Sometimes you just need to scrap it

Despite feeling sicker than I have in a long time, and it being the two hottest days of the year here, so far, I got a decent amount of writing done over the weekend. Much of it at odd hours, because I napped a lot. I would be awake for a few hours, then sleep of a few. It became a little confusing.

Months ago, I wrote the opening paragraph for a scene which I expected to use a few chapters later in the novel than I was, at that time. I’ve had this very strong image in my head for all that time of one of my protagonists sitting at a table in a tavern he used to hang out at during his mispent youth (note: the character is a professional thief of some notoriety-so it could be argued he’s in his misspent adulthood and approaching his misspent middle age) and slowly coming to the realization that much more has changed than meets the eye.

I hadn’t written more than the one paragraph because I knew some of the intervening scenes would determine what information I needed him to obtain during this scene.

So I wrote the scene yesterday. It was funny and closely matched my original vision. There was a big problem: by the time I’d finished, the character hadn’t learned anything important to the actual plot. Nor could the scene be said to reveal anything new and significant about the character.

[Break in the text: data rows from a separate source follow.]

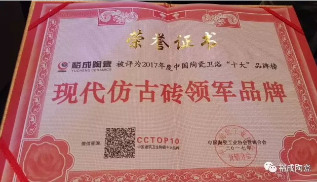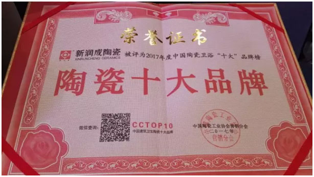 近年來,新潤成陶瓷先后榮獲“全國陶瓷產業知名品牌創建示范區”骨干企業、“廣東省企業500強”、“廣東省民營企業100強”、“廣東省制造業100強“、“500最具價值品牌”、“陶瓷十大品牌”、“全國建陶品牌20強”、“高新技術企業”、“陶瓷優質產品認證”、“廣東省名牌產品”、“廣東省著名商標”、“廣東省清潔生產企業”、“3C認證”、“連續五年守合同重信用企業”、“A級守信企業”等眾多榮譽稱號。本次“2017年度建筑衛生陶瓷十大品牌榜”的評選中再度榮獲“陶瓷十大品牌”正是建筑衛生陶瓷行業以及廣大經銷商、消費者對新潤成陶瓷的支持與肯定!
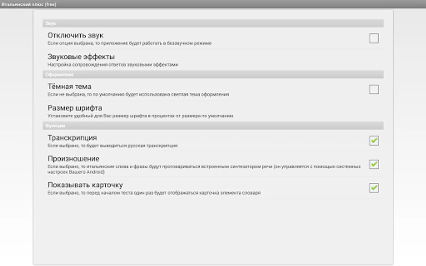 All training is based on tasks, during which the user receives gold stars. With a set of 3 stars, the dictionary element is considered learned. At the same time, Italian words and phrases are pronounced by the built-in speech synthesizer (controlled by the system settings of your Android).
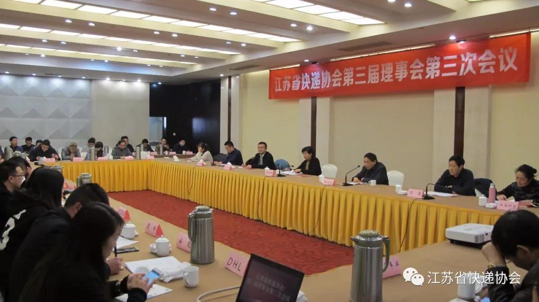 江苏省快递协会第三届理事会第三次会议于1月30日在南京召开。省邮政管理局张水芳局长、省快递协会孙安宁会长出席了会议。省协会监事、理事和全体团体会员代表参加了会议。
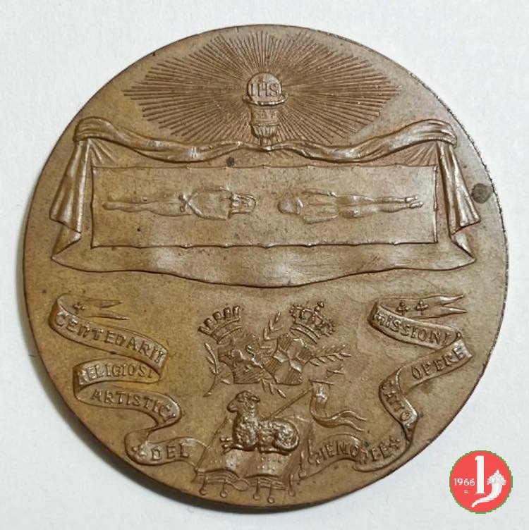Esposizione della Sindone 1898 Dritto: • CENTENARI • RELIGIOSI • ED • ARTISTICI • NEL • PIEMONTE • in alto: MDCCC XCVIII Veduta del Duomo di Torino sormontato dalla Sindone in basso: Agnello di Dio Croce raggiante su cui: IN HOC SIGNO VINCES quattro figure allegoriche della scultura, musica, pittura e architettura in esergo, entro targa: TORINO = MDCCCXCVIII sotto: JOHNSON - MILANO | |
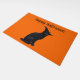 A cute black cat sits contentedly wearing a star and moon adorned black witches hat. The words Happy Halloween can easily be changed to any text.
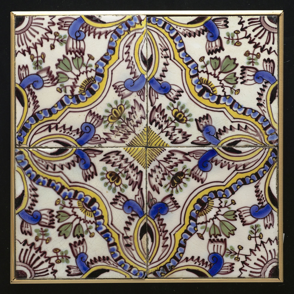 Tegelveld in tinglazuur, voorstellende beugelbladen,...
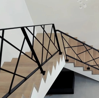 Перила имеют простой дизайн, который выглядит стильно и дорого. Для наибольшего контраста перила следует использовать в сочетании с деревянными ступенями в светлом помещении. В таком случае они будут смотреться ярко, являться одним из акцентных элементов интерьера.

I read it through again, and I had absolutely no idea what the character logically should do next to move the plot along.

Or rather, I had ideas for what he should do next, but this scene didn’t point to any of them. It made sense that he would go to this place to try to find something he needed. And it made sense, based on other events, that he’d experience some bewilderment that this former hub of underworld activity was now a sad used-to-be. But it wasn’t worth making the reader go through that for a few chuckles. Not when there are kidnapped children to rescue, a princess in peril, a possible war simmering, et cetera.

It would be like spending a thousand words describing the public restroom your hero has to visit in between action scenes. Yeah, everyone has to go sometime, but usually it isn’t interesting.

For a few seconds I thought about my usual rule: don’t go back to revise a scene until I’ve written the next one. But if there’s a time to break your own rule, this was it.

I didn’t delete the scene. I just cut it and pasted it into the Research section of my Scrivener project.

Then I re-wrote the scene. I kept a few lines. And the humorous discovery that things have changed in ways he hadn’t expect is still there, but it’s much less the focus of the scene. Once I stopped trying to think of more clever ways to surprise the character that something has changed, the scene flowed forward, and led him to his next step.

Sometimes you have to write a bad scene before you can write it right.